In September last year, the Pacific Fishery Management Council (PFMC) voted to adopt hard caps to protect nine marine mammal and sea turtle species caught as bycatch in the swordfish drift gillnet fishery, and to increase observer coverage in the fishery to 100 percent by 2018. The hard caps will trigger a two-year closure of the fishery if and when any limit on injured or killed sea turtles, whales, or dolphins is reached. However, nearly a year after the Council decision the National Marine Fisheries Service (NMFS) has yet to release even proposed regulations. This means hard caps are unlikely to be in place this fishing season. Further, last season’s fishery occurred with the lowest observer coverage in a decade—just 11 percent— adding huge uncertainty to bycatch reports. With fewer eyes on the water to record what is actually being caught and thrown back overboard, much of the bycatch is unaccounted for—a particular worry for protecting rare, threatened, and endangered species.

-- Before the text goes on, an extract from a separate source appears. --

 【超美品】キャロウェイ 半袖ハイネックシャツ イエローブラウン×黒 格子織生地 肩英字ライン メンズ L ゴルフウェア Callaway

“NMFS must follow the Council’s recommendation and implement hard caps on bycatch in the swordfish drift gillnet fishery,” said Mariel Combs, Pacific Counsel for Oceana. “Every day of delay puts vulnerable sea turtles and whales at unacceptable risk.”
In addition, the PFMC has deferred considerations to authorize new, cleaner fishing gears to catch swordfish until fall of 2017. Called buoy gear, this new gear configuration is shown to be profitable and effective at catching swordfish with significantly lower bycatch relative to drift gillnets. In fact, during several years of experimental fishing there were few discarded animals and no interactions with species of concern like whales, dolphins, or sea turtles. More detailed information about buoy gear can be found here.

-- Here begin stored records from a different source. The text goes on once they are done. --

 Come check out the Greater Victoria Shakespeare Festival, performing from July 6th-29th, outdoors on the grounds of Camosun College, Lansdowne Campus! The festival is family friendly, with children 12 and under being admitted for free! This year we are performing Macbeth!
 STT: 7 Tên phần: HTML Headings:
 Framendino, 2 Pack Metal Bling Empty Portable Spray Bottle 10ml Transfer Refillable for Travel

“Swordfish drift gillnets remain a shameful California fishery, among the dirtiest and most harmful to ocean wildlife in the nation,” said Geoff Shester, California Campaign Director for Oceana. “It is time fishery managers quit dragging their feet and transition to the proven clean, profitable methods to provide local swordfish that Californians can be proud of.”
The drift gillnet fishery is the only fishery off the U.S. West Coast that NMFS ranks as Category I in its List of Fisheries—a designation reserved for fisheries with high mortality to marine mammals. Despite the fact that the fishery is known to be lethal to protected marine mammal species, this Sunday, September 4, the Marine Mammal Protection Act (MMPA) permits that allow drift gillnet fishermen to incidentally take endangered sperm and humpback whales will expire, and NMFS will be operating this fishery without valid MMPA and Endangered Species Act authorizations.